Jamel is a small man with rough, brown skin and a charcoaled five o'clock shadow. His long curly hair is dark at the roots, but graduates to a warm yellow at the tips. I'd guess he's in his late forties. I studied abroad in Italy two years ago. I told him once, and we compared the language and culture there to the language and culture of his home, Crete. You are a beautiful woman. He tells me in his thick mediterranean accent. You get it from your beautiful mather. He also cuts and styles my mother's hair once every three months.

I think if I saw Jamel on the street somewhere and he told me I was a beautiful woman, I'd probably walk a little faster and pretend to be on my cell phone with a very important person who could rescue me if needed. But in this setting--the Toni and Guy hair salon setting--Jamel is okay. Just below his white rolled up sleeves are a pair of poised and accurate hands. I watch as he angles his scissors at my hair to sculpt precise layers.

The last time Jamel cut my hair, I was at home for the summer--what is called home for me. Home is a place where the television mumbles in the background of every conversation, where people who once were friends to me are not anymore, where I have three brothers and three sisters-in-law that I see maybe once in those seven weeks out of the entire year, and where I feel as though I have no purpose. To me, this haircut was me making up for those things, taking care of myself.

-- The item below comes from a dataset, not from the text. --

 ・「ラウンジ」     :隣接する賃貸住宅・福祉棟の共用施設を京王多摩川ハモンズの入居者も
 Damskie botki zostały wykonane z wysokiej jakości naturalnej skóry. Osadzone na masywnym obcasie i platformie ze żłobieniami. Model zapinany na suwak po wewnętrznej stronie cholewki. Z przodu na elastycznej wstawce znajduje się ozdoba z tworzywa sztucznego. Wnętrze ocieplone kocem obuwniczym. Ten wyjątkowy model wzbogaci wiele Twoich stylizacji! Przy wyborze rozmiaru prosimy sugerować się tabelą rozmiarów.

Jamel sat me down and began to ask me the same questions as always, the answers to which he had been told each visit before since the time I was eighteen. I sold a painting yesterday. I said. Oh, you paint?! I didn't know that. He said. Yes, Jamel, I paint, and I've told you this before. It was okay though. Jamel is okay.

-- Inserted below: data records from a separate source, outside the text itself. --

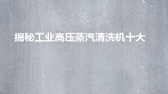揭秘工业高压蒸汽清洗机十大名牌排名榜!哪些品牌才是你的最佳选择?
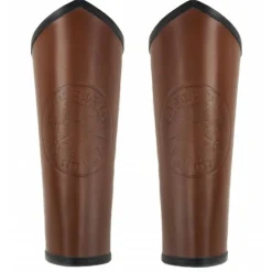 Details: Materiaal: leer / Kleur: bruin / Lengte: 23 cm / Breedte: 17 cm / In maat te verstellen met riempjes / Geleverd per paar
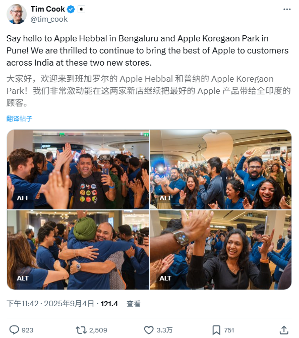 另外昆明配资炒股,苹果位于印度的第4家AppleStore门店AppleKoregaonPark已于昨日开业,库克还亲临现场与诸多苹果员工、用户进行友好交流。
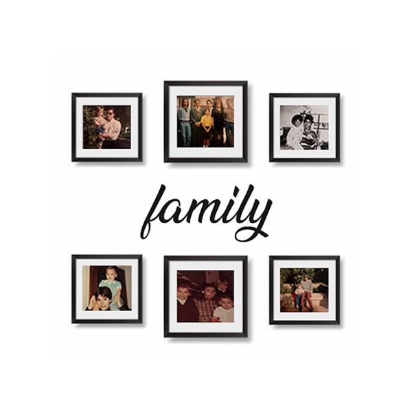 Los colores de los vinilos decorativos de texto con la palabra en inglés "family" que aparecen en está simulación son una aproximación a su color real y pueden variar en función de la calibración de su monitor.
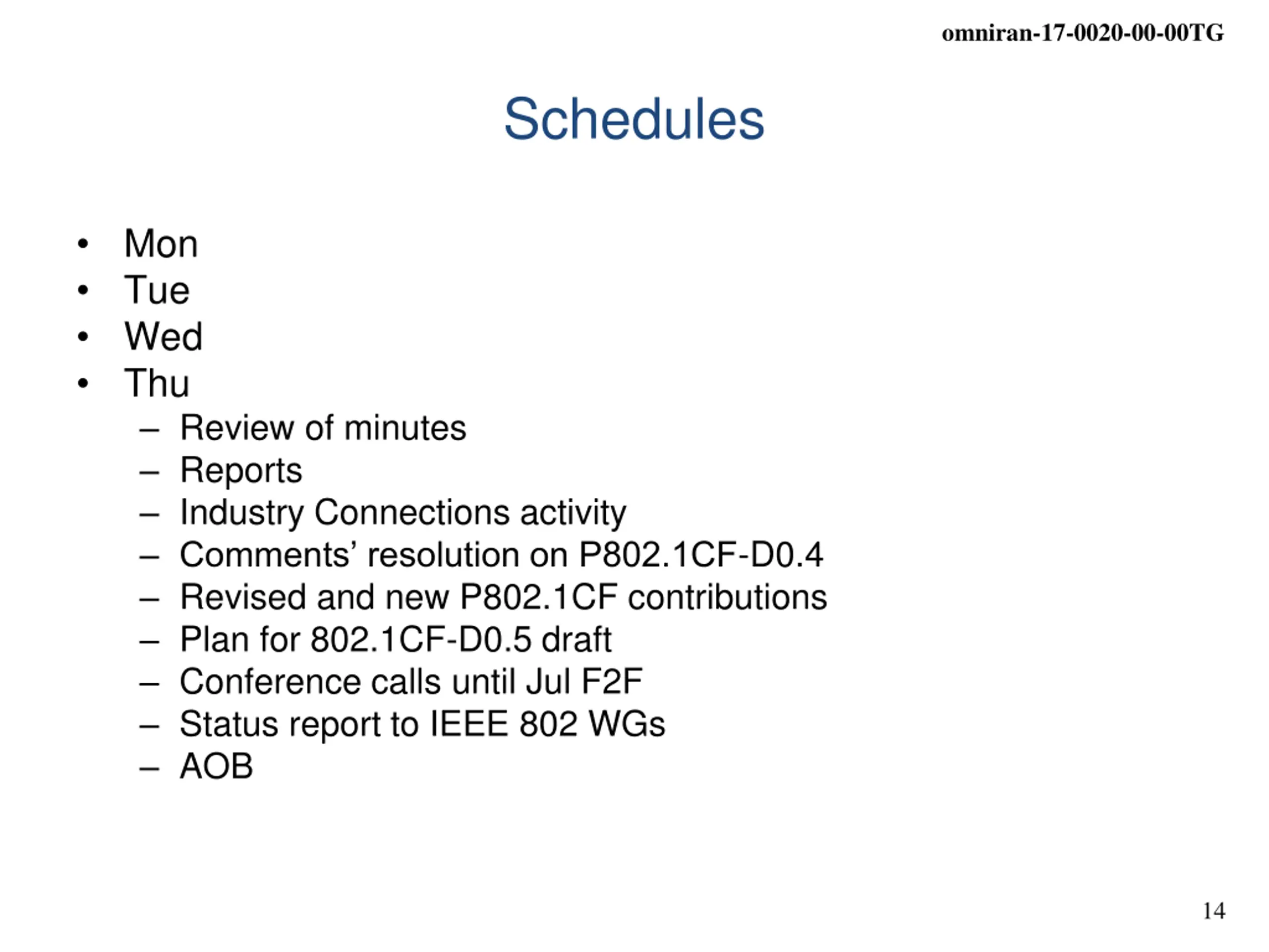 omniran-17-0020-00-00TG Schedules Mon Tue Wed Thu Review of minutes Reports Industry Connections activity Comments resolution on P802.1CF-D0.4 Revised and new P802.1CF contributions Plan for 802.1CF-D0.5 draft Conference calls until Jul F2F Status report to IEEE 802 WGs AOB 14
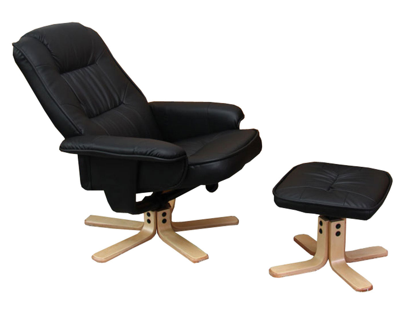 Fauteuil de relaxation TV avec repose-pieds tabouret pouf en PVC noir et bois d'eucalyptus 04_0006837

I remember most things Jamel tells me. I remember that Jamel is Greek. I remember that he has had the same exact hair style for the past four years. I remember that he is great friends with Adolf, the colorist, and they go boating on the weekends in the Texas summer heat. I remember that he drinks, he does not have a wife, and does not ever want one. I remember that he owns a house in the Mediterranean.

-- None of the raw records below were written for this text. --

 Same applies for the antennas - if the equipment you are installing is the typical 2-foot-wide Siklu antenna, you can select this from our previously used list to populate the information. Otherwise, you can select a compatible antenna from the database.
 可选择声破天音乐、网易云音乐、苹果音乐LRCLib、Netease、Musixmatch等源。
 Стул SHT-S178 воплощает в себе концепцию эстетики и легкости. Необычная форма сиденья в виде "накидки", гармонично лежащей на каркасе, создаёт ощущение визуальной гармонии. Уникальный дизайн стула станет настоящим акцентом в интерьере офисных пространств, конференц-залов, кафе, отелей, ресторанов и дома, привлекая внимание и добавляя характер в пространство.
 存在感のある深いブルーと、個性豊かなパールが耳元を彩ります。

You know. He said, pausing from straightening some strands to look at me. God loves you. You do the right things, and he will bless you. I never knew Jamel knew God. For a small moment at Toni and Guy, I felt at home.

2 comments:

Britt said...

You know, it's hard for me not to immediately comment on and praise your writing and to focus on the content. That's one of the drawbacks of the kind of life we have. Anyway, because the content in here is so much more important than your writing skill (although I really do love the conclusion) I want to say that I'm glad that you're honest and I think you do the world a favor when you do that. So, on behalf on the rest of the world: Thanks.

iBo said...

Believe it or not, I frequently feel like I have one of those Jamel conversations with my mother and I find myself nodding away, or just saying, "uh huh." But once in a while, she will say something like that, and it will rock my world. Funny how life is like that eh?